Musica

La musica bisestile. Giorno 125. The Doors

6 Novembre 2018

Il cervello di Jim Morrison cominciava a soffrire dei molti eccessi, ma allo stesso tempo la consapevolezza della band aveva sconfitto la plastificazione imposta dalla produzione dei primi dischi, ed era arrivata al vero sound di una delle migliori band di sempre

 

MORRISON HOTEL

 

Perché questo e non un altro dei dischi, tutti stupendi, registrati dai Doors? Perché fa parte del secondo periodo, quello in cui Densmore, Krieger e Manzarek avevano imparato abbastanza per poter partecipare veramente alla costruzione del sound di ognuno dei pezzi, ed avevano costruito, partendo da un misto tra la musica psichedelica dei primi anni 60, Procol Harum e Moody Blues in testa, ed il suo incontro con il country, un suono veramente proprio ed esclusivo, dal quale loro sognavano di poter partire per andare alla conquista del jazz-rock, che ancora non esisteva.

“Morrison Hotel”, 1970

In questa parte finale i Doors pubblicano tre dischi. Il primo, “The Soft Parade”, è bellissimo, ma pieno di archi ed altre cose che stanno magari benissimo, ma non sono esemplificative della band. Troppo lavoro di produzione, troppi tentativi di vendere la band come un hype del pop, di “normalizzare” Jim Morrison. L’ultimo, invece, “L.A. woman”, è troppo pieno di blues, ed il contributo di Morrison è stato poco e nulla, perché era ormai già al di là del limite della consapevolezza. Invece “Morrison Hotel” è un capolavoro assoluto, sorprendente, dal quale è stato difficile scegliere dei singoli, perché tutti i brani erano eccezionali, diversi eppure simili e chiaramente “Doors”. Si tratta del disco in cui Morrison è più consapevole, anche se le droghe e l’alcool gli stavano portando via il cervello…

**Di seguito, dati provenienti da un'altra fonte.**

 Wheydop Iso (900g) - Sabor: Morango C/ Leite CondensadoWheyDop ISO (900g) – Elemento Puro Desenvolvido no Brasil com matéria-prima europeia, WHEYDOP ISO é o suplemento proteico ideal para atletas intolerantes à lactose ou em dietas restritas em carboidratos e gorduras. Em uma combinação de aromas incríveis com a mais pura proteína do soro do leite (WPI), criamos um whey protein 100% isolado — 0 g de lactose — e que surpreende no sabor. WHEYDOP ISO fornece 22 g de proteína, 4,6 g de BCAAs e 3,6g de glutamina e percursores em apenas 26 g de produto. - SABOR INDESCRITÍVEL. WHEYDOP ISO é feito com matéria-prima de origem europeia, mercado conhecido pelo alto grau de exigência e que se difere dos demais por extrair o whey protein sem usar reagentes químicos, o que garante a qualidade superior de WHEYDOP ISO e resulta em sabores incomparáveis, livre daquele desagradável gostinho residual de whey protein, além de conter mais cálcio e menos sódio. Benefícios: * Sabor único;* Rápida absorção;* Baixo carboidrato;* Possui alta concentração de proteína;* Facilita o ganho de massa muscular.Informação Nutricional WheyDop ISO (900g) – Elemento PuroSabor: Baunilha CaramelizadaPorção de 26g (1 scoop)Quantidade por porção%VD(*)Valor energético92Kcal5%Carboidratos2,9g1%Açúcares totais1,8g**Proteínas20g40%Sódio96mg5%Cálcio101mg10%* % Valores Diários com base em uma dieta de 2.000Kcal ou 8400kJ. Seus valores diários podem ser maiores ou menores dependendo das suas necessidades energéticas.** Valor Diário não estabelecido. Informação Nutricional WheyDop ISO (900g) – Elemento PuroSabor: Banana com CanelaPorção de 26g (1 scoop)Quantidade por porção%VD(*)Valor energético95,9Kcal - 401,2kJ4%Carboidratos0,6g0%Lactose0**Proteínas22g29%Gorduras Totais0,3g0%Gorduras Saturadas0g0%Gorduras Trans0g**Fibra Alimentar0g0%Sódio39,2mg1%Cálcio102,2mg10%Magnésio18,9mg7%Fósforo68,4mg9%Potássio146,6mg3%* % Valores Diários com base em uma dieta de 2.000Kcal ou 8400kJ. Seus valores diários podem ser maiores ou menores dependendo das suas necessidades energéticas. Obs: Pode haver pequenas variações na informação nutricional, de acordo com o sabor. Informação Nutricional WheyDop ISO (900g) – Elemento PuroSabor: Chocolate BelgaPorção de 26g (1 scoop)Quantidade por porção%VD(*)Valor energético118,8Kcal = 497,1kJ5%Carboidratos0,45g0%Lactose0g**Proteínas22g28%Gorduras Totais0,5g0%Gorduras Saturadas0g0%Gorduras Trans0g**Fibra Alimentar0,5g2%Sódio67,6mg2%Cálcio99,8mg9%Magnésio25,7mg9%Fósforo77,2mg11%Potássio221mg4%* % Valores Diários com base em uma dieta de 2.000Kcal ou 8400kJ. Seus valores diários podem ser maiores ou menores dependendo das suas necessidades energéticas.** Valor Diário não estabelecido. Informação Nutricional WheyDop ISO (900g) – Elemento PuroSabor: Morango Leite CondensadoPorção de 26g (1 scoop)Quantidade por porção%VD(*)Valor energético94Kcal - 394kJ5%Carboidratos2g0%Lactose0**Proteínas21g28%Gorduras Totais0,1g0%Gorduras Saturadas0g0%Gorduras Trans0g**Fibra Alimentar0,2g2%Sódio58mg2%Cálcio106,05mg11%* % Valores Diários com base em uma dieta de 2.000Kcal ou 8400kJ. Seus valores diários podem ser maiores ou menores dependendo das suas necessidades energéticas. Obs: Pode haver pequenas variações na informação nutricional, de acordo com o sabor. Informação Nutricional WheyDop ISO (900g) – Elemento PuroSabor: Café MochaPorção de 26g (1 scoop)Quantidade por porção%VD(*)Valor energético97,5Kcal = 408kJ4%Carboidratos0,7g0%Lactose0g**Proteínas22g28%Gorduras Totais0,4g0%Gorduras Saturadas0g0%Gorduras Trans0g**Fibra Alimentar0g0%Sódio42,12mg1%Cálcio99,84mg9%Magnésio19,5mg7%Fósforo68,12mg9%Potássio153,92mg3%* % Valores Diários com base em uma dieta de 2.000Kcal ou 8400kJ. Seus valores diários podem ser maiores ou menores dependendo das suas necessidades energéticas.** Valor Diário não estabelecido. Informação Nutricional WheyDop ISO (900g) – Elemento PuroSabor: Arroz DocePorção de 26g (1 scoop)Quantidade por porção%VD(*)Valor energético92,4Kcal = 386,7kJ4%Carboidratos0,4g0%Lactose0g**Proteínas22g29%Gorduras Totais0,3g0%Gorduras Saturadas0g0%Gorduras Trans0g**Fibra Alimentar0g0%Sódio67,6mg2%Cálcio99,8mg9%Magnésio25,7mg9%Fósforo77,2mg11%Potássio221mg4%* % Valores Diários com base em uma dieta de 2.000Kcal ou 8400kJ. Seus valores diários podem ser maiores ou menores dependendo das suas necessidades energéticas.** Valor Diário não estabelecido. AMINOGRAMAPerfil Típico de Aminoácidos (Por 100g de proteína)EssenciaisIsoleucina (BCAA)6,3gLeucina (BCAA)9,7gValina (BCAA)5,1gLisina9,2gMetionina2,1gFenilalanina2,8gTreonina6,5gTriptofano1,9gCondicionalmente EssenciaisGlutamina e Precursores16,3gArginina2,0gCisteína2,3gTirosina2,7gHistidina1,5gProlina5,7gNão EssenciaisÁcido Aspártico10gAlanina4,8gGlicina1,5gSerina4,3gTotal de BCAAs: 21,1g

Che peccato per ciò che accadde dopo… Ma non sono qui per mettermi in fila alle migliaia di giudici della vita del poeta, quanto per ricordare a tutti noi che, in una lista dei migliori album di sempre, uno dei Doors non può mancare, perché sono stati meravigliosi, avevano dei testi intelligenti e delle musiche non stucchevoli, ma ruggenti, ed avevano una credibilità intrinseca che li ha sempre tenuti lontani dal pop. Se li ascoltate con attenzione, scoprirete un dato in comune con i primi Genesis: gli errori tecnici. I musicisti in sala hanno un’immaginazione creativa più forte di ciò che loro, tecnicamente, sono in grado di fare. Per questo motivo, in diversi momenti, si percepisce una sospensione del fluido armonico, una banalizzazione del suono, una serie di indecisioni, che nessuna sovrapproduzione può veramente correggere. Non si tratta di “sbagli”, ma di una caratteristica propria e stupenda ed indimenticabile, che rende vera una band e la sua musica.